村子裡冷冷清清的,太陽下了山,路上便一個人影也瞧不見了。
我們借宿的人家,屋子比其他村戶的要寬敞些,但四壁空空,可做牀榻的也只有滿地的稻草。
入了夜,這戶人家裡沒有燈油,男主人在村中東借西湊纔給里宰的屋裡點了一盞小燈。天熱,隨行的衆人也不願生火取光,於是在吃過了晚食後,大家便都回屋就着稻草睡了。
不久,院中鼾聲四起。
我與無恤、無邪收拾好了包袱,躡手躡腳地出了門。就在這時,倒黴的事情發生了。

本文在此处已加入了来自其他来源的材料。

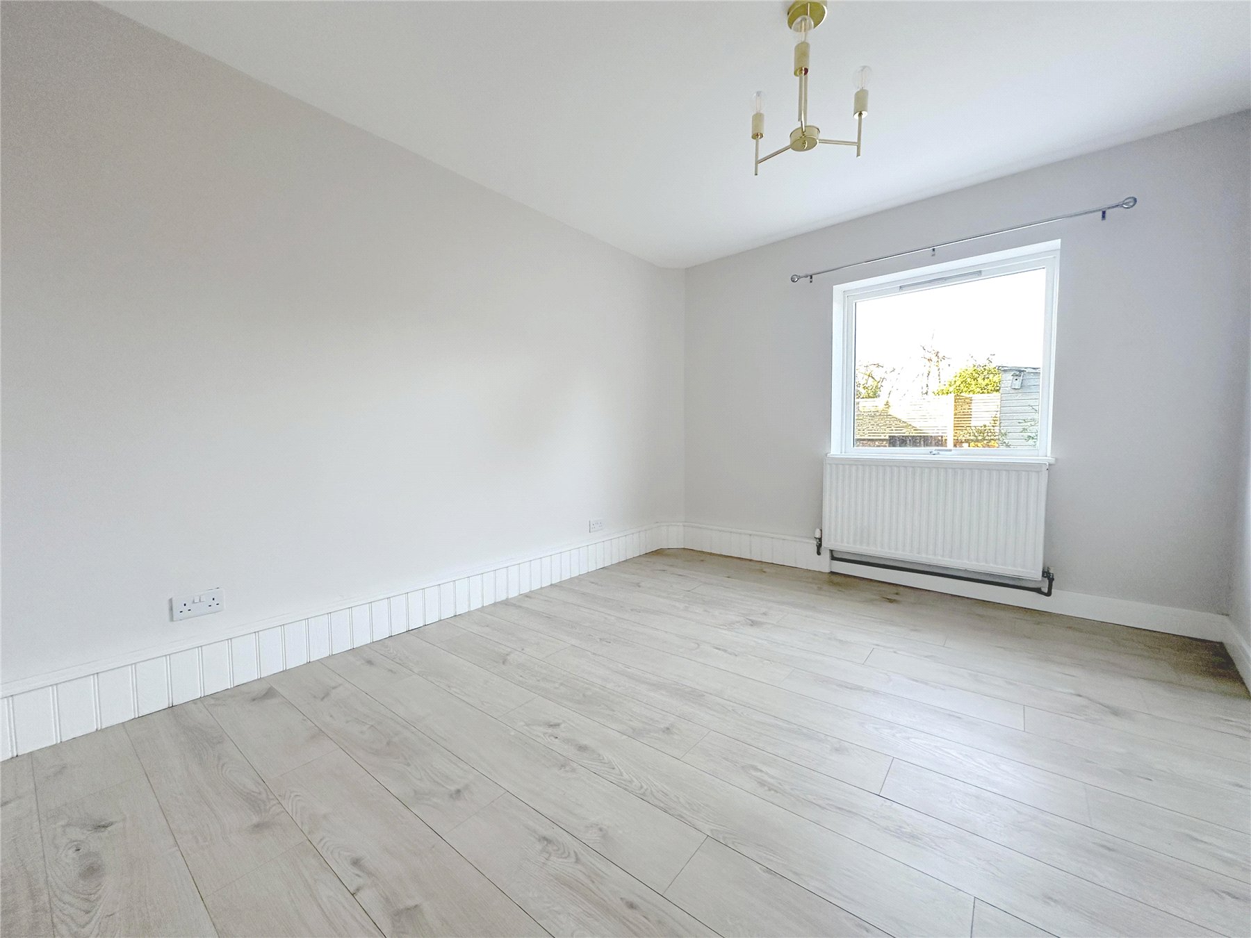 BEDROOM TWO 10'11" x 12'2" (3.33m x 3.7m). A spacious second double bedroom with a double-glazed rear window overlooking the garden. The room includes a curtain pole, radiator, multiple sockets, and is finished with laminate flooring

里宰和孫兒所宿的主屋門口居然趴了六個鬼鬼祟祟探頭探腦的蒙面人。我們發現了他們,他們也發現了我們。幾個人二話不說拿着木棍、石鐮衝上來朝着我們就是一通亂揮。
若是要殺了這幾人,對無恤和無邪來說易如反掌,可偏偏這些人看起來不像是匪盜,倒更像是普通的農夫。所以,無恤和無邪沒有狠下殺手,只是出招打落了他們手裡的武器。
鬧出這麼大的動靜,屋裡的獵戶們全都醒了,他們拿着弓箭、拎着大刀也都跑了出來。
很快,這六個人就被扭送進了主屋。老里宰拿油燈一照,還在裡面發現了這間屋舍的男主人。經過大家的一番詢問才知道,原來這六人均是村中農人,因爲交了今夏公田和私田的賦稅後,交不起季孫氏徵收的用田賦這纔打起了我們牛車上幾袋糧食的主意。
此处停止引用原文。